**About this exercise**
The answer is an exact repeat of the entries below, with the pictures omitted.

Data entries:
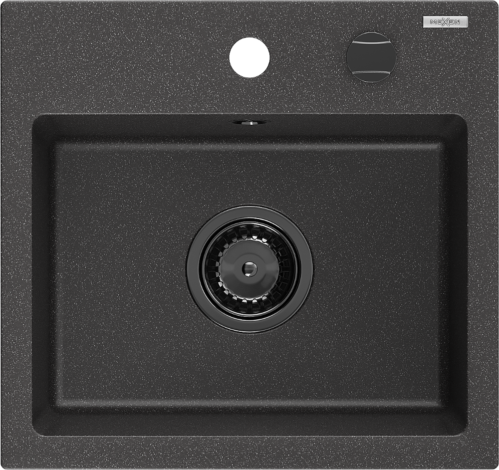 Mexen Milo granīta izlietne ar vienu nodalījumu 435 x 410 mm, melna ar plankumiem, melns sifons - 6505441000-76-B
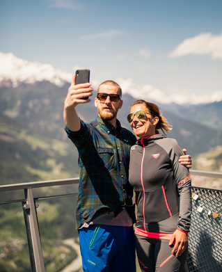 Auf 2.750 m Seehöhe angekommen gondelt man noch völlig barrierefrei mit der Karlesjochbahn bis auf 3.108 m hinauf. Direkt an der italienischen Staatsgrenze erleben Sie ein atemberaubendes Bergpanorama mit Fersicht!
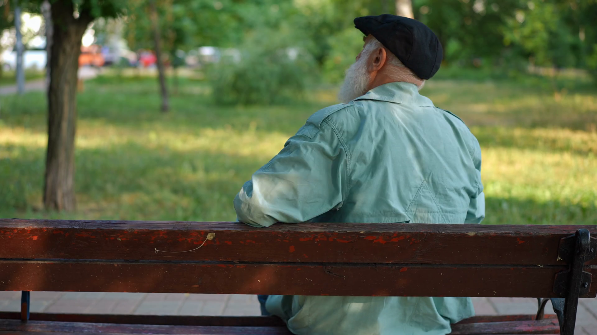 Back View Medium Shot Of Senior Bearded Man In Hat And Cloak Sitting On Bench Turning Looking Around Relaxed Caucasian Retiree Resting In Sunny Summer Spring Park Outdoors ThinkingÂ
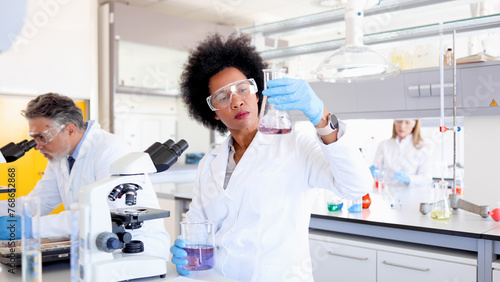 © PeopleVideos, Obraz premium Lab specialists working at the lab and examining some samples on the microscopes
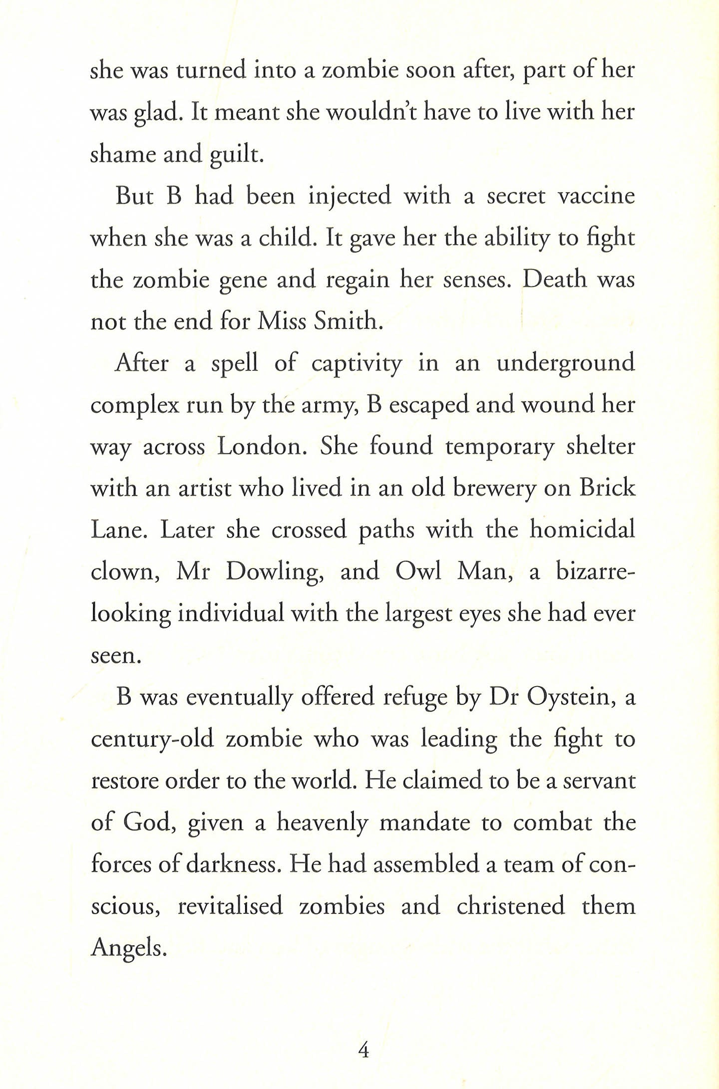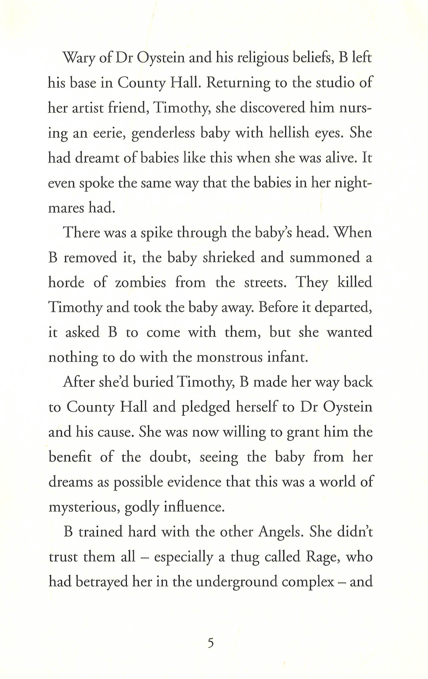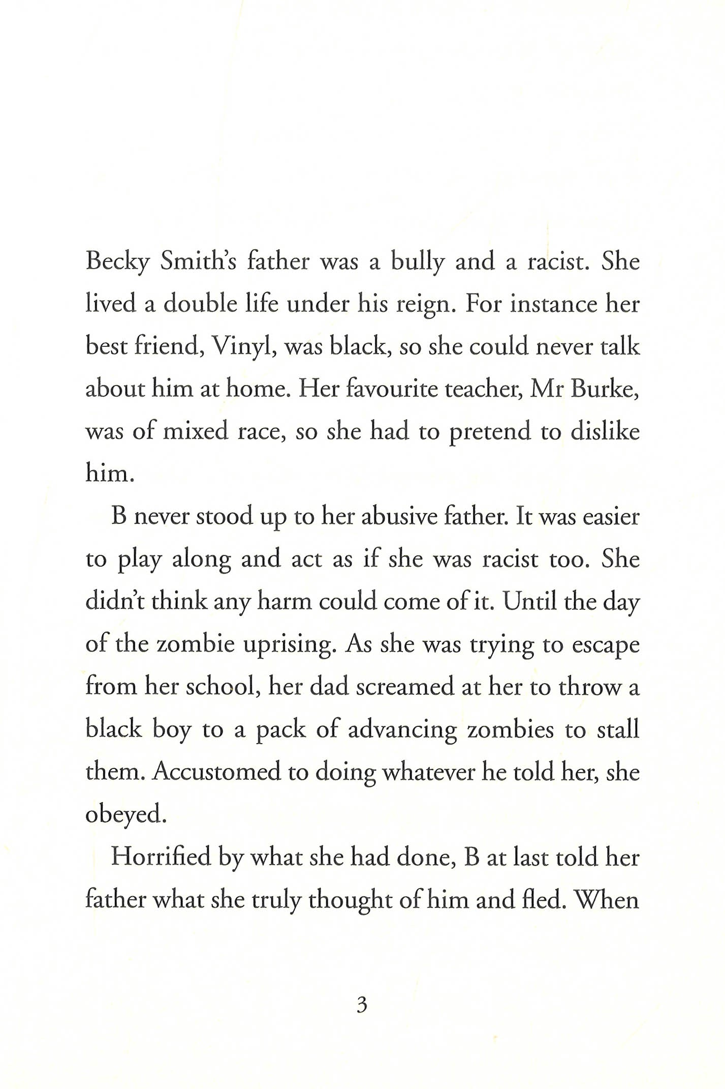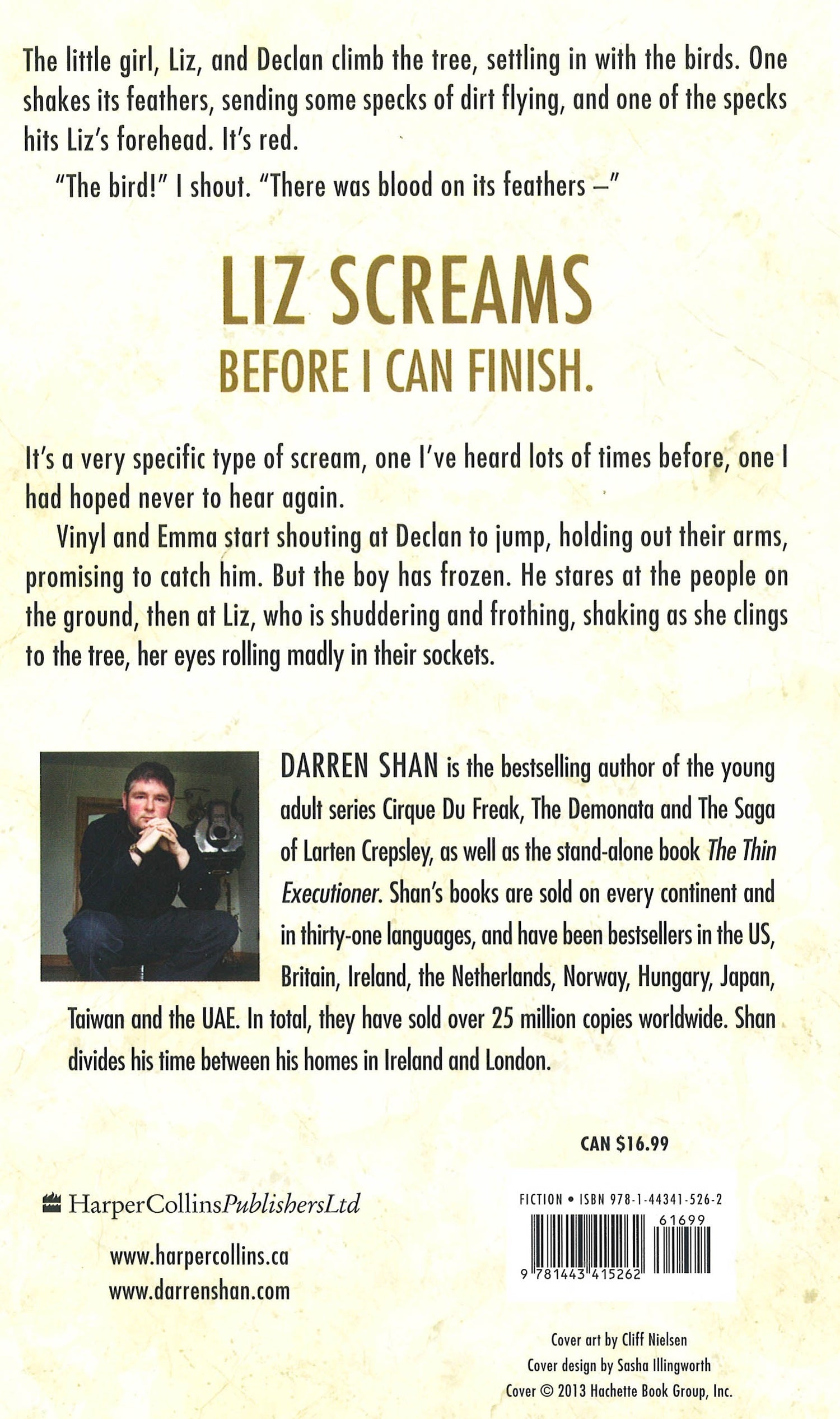 The little girl, Liz, and Declan climb the tree, settling in with the birds. One shakes its feathers, sending some specks of dirt flying, and one of the specks hits Liz's forehead. It's red. "The bird!" I shout. "There was blood on its feathers - " Liz screams before I can finish. It's a very specific type of scream, one I've heard lots of times before, and one I had hoped to never hear again. Vinyl and Emma start shouting at Declan to jump, holding out their arms, promising to catch him. But the boy has frozen. He stares at the people on the ground, then at Liz, who is shuddering and frothing, shaking as she clings to the tree, her eyes rolling madly in their sockets.

**Result**
 Mexen Milo granīta izlietne ar vienu nodalījumu 435 x 410 mm, melna ar plankumiem, melns sifons - 6505441000-76-B
 Auf 2.750 m Seehöhe angekommen gondelt man noch völlig barrierefrei mit der Karlesjochbahn bis auf 3.108 m hinauf. Direkt an der italienischen Staatsgrenze erleben Sie ein atemberaubendes Bergpanorama mit Fersicht!
 Back View Medium Shot Of Senior Bearded Man In Hat And Cloak Sitting On Bench Turning Looking Around Relaxed Caucasian Retiree Resting In Sunny Summer Spring Park Outdoors ThinkingÂ
 © PeopleVideos, Obraz premium Lab specialists working at the lab and examining some samples on the microscopes
 The little girl, Liz, and Declan climb the tree, settling in with the birds. One shakes its feathers, sending some specks of dirt flying, and one of the specks hits Liz's forehead. It's red. "The bird!" I shout. "There was blood on its feathers - " Liz screams before I can finish. It's a very specific type of scream, one I've heard lots of times before, and one I had hoped to never hear again. Vinyl and Emma start shouting at Declan to jump, holding out their arms, promising to catch him. But the boy has frozen. He stares at the people on the ground, then at Liz, who is shuddering and frothing, shaking as she clings to the tree, her eyes rolling madly in their sockets.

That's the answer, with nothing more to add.